Please return the full listing word for word, leaving out any pictures.

INFORMATION PROVIDED -

[Start of Attachment]

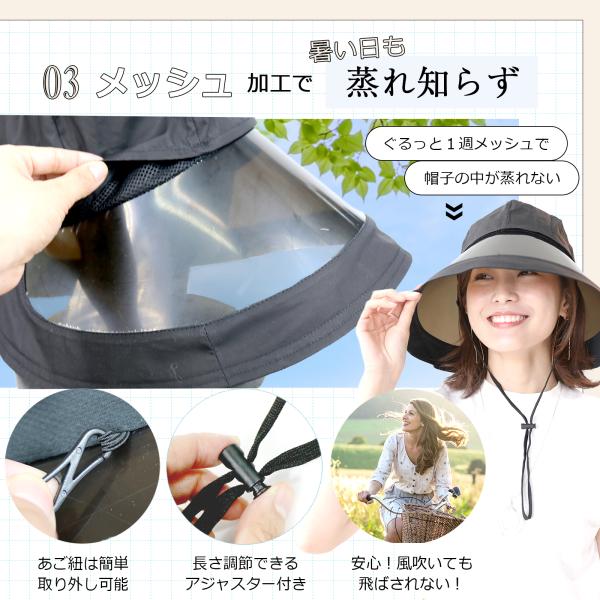 帽子 レディース ハット 春夏 UVカット UPF50+ 小顔効果 つば広10cm コットン 通気性 蒸れにくい 涼しい あご紐付き 大きいサイズ 折りたたみ 即日発送
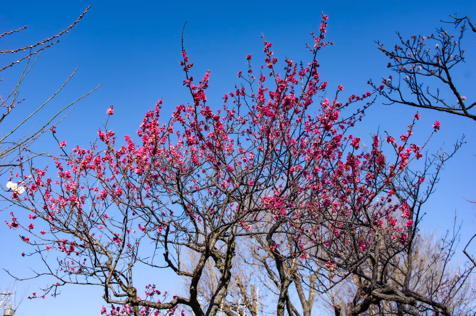 White Hanegi Park plum blossoms bloom on dark branches against a clear, deep blue sky.
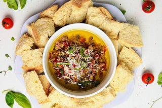 Easy and delicious Italian dipping oil meets a savoury tomato spritz for the ultimate tomato girl summer pairing

[End of Attachment]

ANSWER BOX -
 帽子 レディース ハット 春夏 UVカット UPF50+ 小顔効果 つば広10cm コットン 通気性 蒸れにくい 涼しい あご紐付き 大きいサイズ 折りたたみ 即日発送
 White Hanegi Park plum blossoms bloom on dark branches against a clear, deep blue sky.
 Easy and delicious Italian dipping oil meets a savoury tomato spritz for the ultimate tomato girl summer pairing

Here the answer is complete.